2. Diagnose what’s going on before looking at ANY models. Models *generally* won’t (not yet, at least) pick up on outflow boundaries from thunderstorms, or other small-scale features. Understanding that these boundaries are there, and where they came from, will help you understand how it will affect the atmosphere in the hours ahead, even without looking at the models.

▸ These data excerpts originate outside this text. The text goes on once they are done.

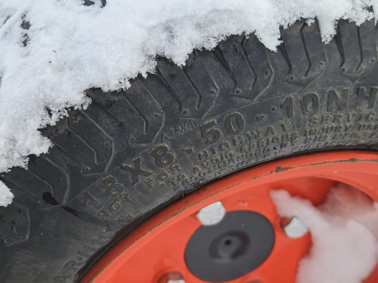 Kubota D902 3 cylinder 23 HP, diesel engine, hydro 2 range transmission, open station platform, 540 PTO, 3 point hitch, 18X8.50-10 front tires, 26X12.00-12 rear tires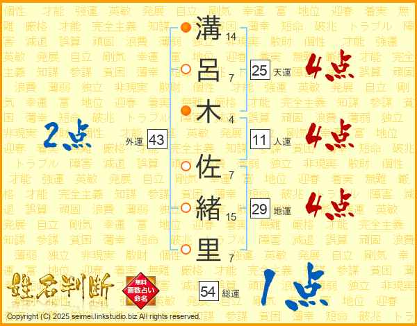 溝(14画)呂(7画)木(4画) 佐(7画)緒(15画)里(7画)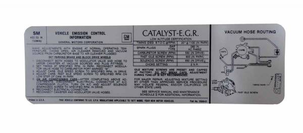 Emission decal - for 442 models with automatic transmission & 403. Replaces original GM part #SM 558643. Top quality, official GM reproduction, MADE IN THE USA.
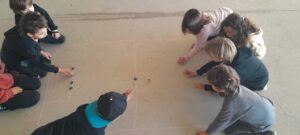 Aquest trimestre hem estat treballant, els Girs, els Salts, l’expressió corporal mitjançant el teatre i els jocs tradicionals.

3. Look at the models with an eye to reality. If they start out bad, they might get a forecast right, but for all the wrong reasons. Models are guidance, and not truth; models are fantasy, not reality; models do an amazingly good AND bad job at forecasting the weather. The more complex or dangerous a situation, the more likely it is to be wrong. By knowing what is going on now, you can see many model errors that occur with each model, in each run, and more or less account for that. Or, throw the model out altogether as being flat wrong.
4. Keep analyzing what is going on with real-time data throughout the day. The atmosphere is always changing; it is never constant. Is your forecast going as expected? If not, why not? It means something is changing now that will be affecting what will happen shortly. And if you see something now that you didn’t before, does that mean you need to change your ideas as to what may happen in the future? Above all: don’t be afraid to admit when you’re wrong. The faster you do, the better it will be for you and everyone else. The best forecasters, analysts and meteorologists sometimes aren’t the ones who get forecasts mostly right. The best are the ones who learn from what they are doing wrong, or diagnosed incorrectly, and make corrections as needed promptly. Then, and only then, they look at the models and see if they support their thinking.

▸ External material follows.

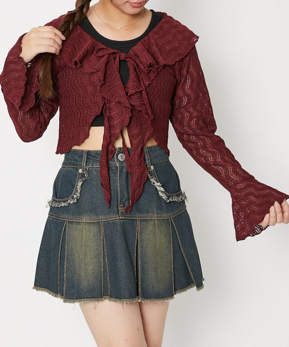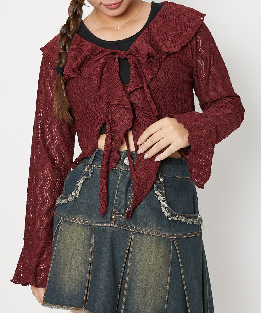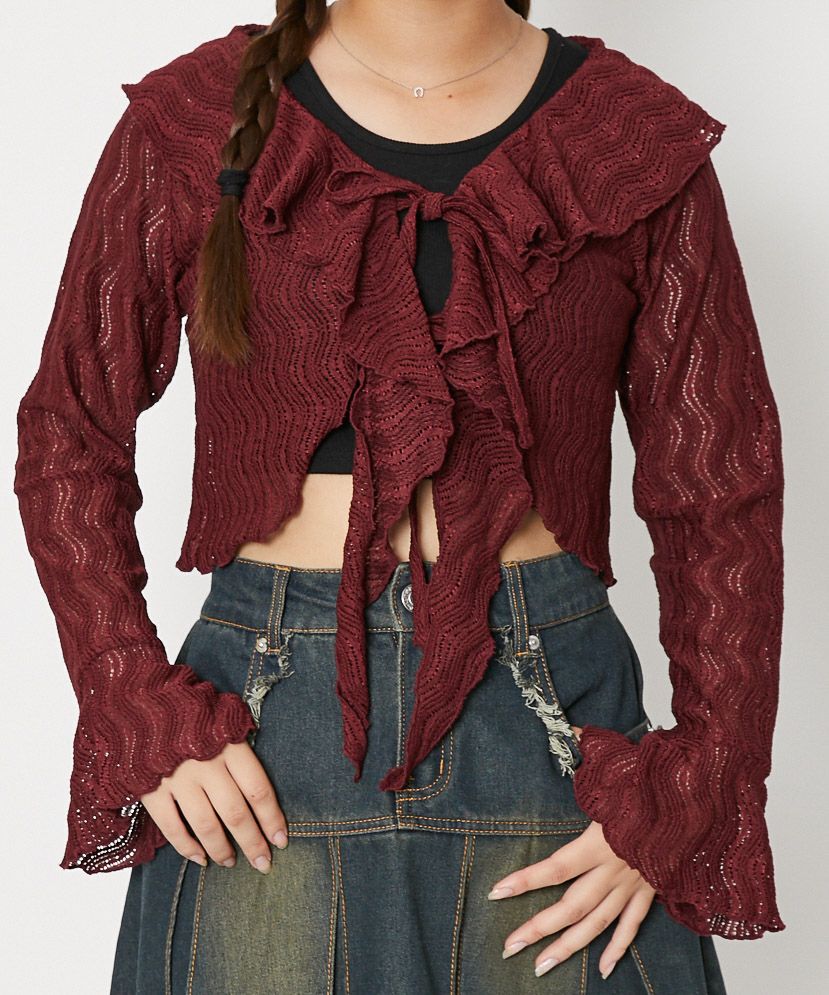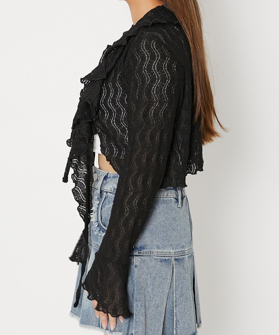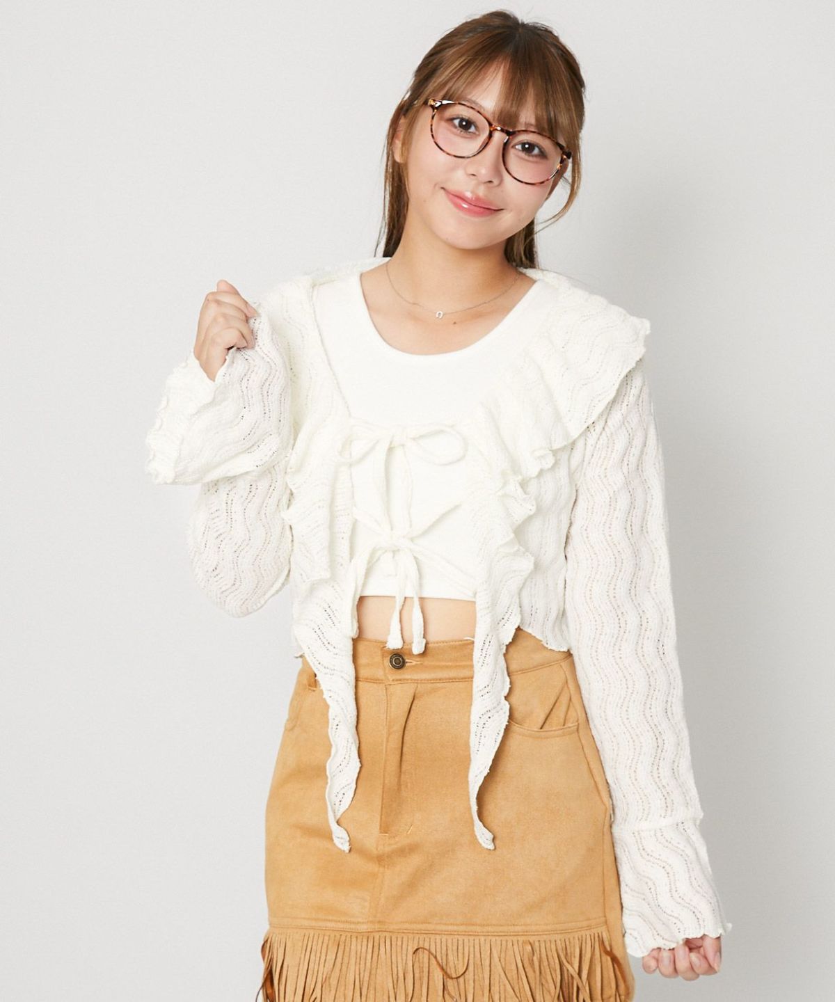 他の画像を見る 《透かし編み×フリルデザイン》レディース ニットソー カーデ風トップス フェミニン 春夏秋 2BUY10%OFF 定価 ¥ 4,939 のところ SALE価格 ¥ 2,469 税込 カートに入れる お気に入りに登録する

By doing these things, you won’t drool at the supercell with the big hook echo on the HRRR 6 hour model forecast. You’ll have done that earlier in your analysis, making a good diagnosis, prognosticate the short-term conditions based off that, and realize that supercells in the area are expected, and the HRRR or other models are merely confirming it. Otherwise, you’re getting meteorological cancer, which is deadly to the career of a meteorologist, and to the industry. And as a chaser, emergency manager or forecaster, you’ll miss great storms or opportunities to serve your community most effectively. Always remember: data, and an excellent analysis/diagnosis of the weather are your best friends. That’s one reason why, at AllisonHouse, we emphasize data in all our product offerings…which ultimately helps you make an accurate analysis and short-term prognosis. And that makes you a good forecaster, or an emergency manager well-equipped to understand the impacts of what you are seeing. Because if you live by the models…you will die by the models. Stomp out meteorological cancer!